Nightcrawler- Somehow the idea of a love-struck Chrissy chasing after him across the world seems hilarious. Though his celibacy vows as a catholic priest may be a problem.
Gonna put in a vote for Doctor Doom. Maybe getting laid will make him less of a dick. You know, so he can finally take over the world like he's supposed to. If the future-viewing shenanigans even apply anymore with Chryssi on the timeline.
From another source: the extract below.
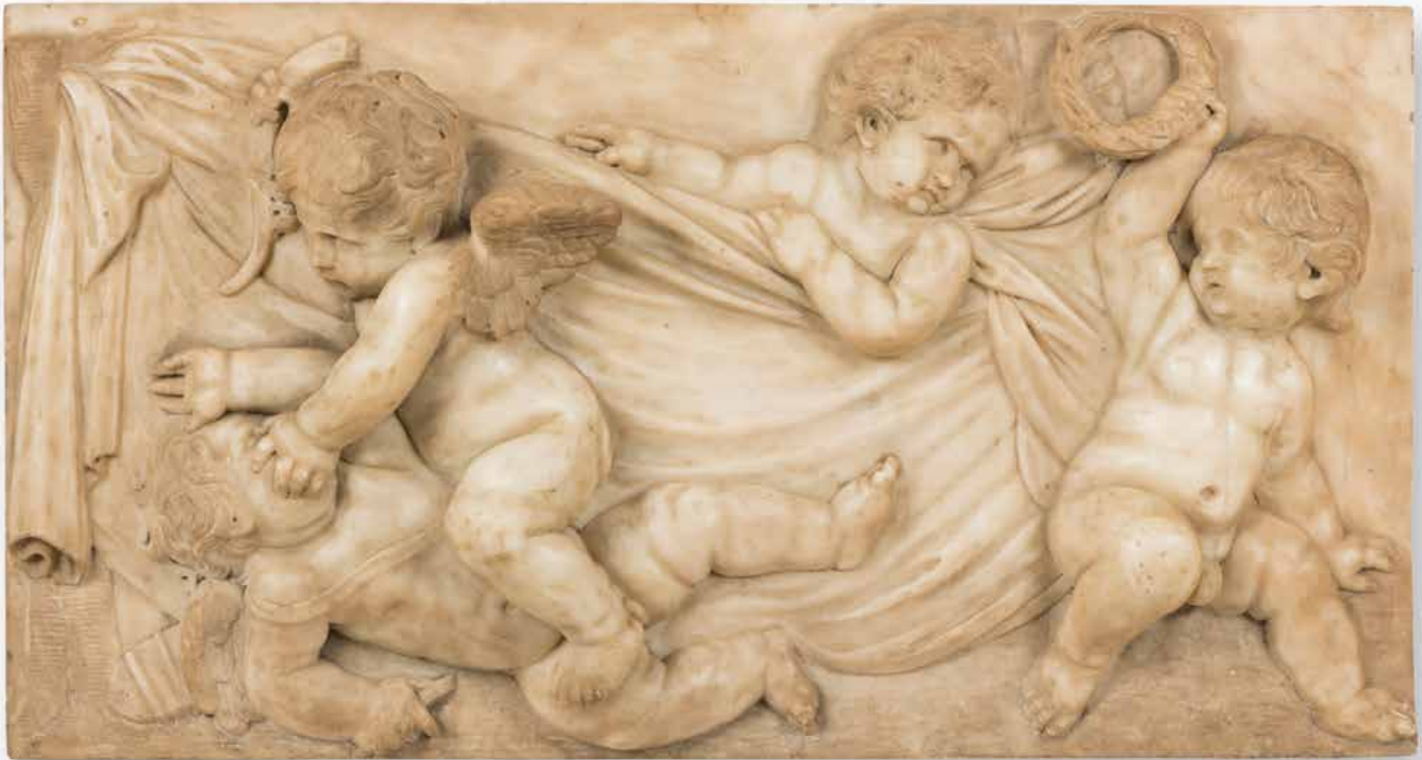
84 ÉCOLE ITALIENNE VERS 1700, D'APRÈS FRANÇOIS DU QUESNOY (1597-1643) L'Amour sacré terrassant l'amour profane Bas-relief en marbre blanc 46,5 x 87 cm Petits accidents.

Another enjoyable chapter. Good job.
Stop breaking the fourth thru seventh walls you idiot! Frigging Deadpool.
6329905 last part was a joke of course batmans dc. Though you know Deadpool could pull it off
Vemon
Hmmm, main requirement is that the guy has to be able to survive the encounter and then Wade coming after him if Chryssi isn't pleased.
Captain America (Steve/Bucky doesn't matter), Ghost Rider, Hulk, and maybe Spidey if certain events have taken place, and Silver Surfer.
Oh yeah, has Chryssi met X-23 yet?? I can totally see the two of them being besties and raising hell that their fathers have to deal with.
6329215 Genius!
6329950
Uhhh, how the hell would that work!?!?! If dude gets bigger the more worked-up he gets, think about how huge his junk would be, and the fact that Chrysalis would send his heart rate through the ceiling, and he'd just keep getting bigger.
HOLD THE PHONE
Clearly, the only appropriate option to have someone sire Chryssy's clutch is:
THE SENTRY
He's got just the right amount of evil-insanity due to The Void, pretty sure he wound up being the cause of his ex-wife's death, and Chryssy's hive will be ridiculously OP to the level of Golden Age Superman.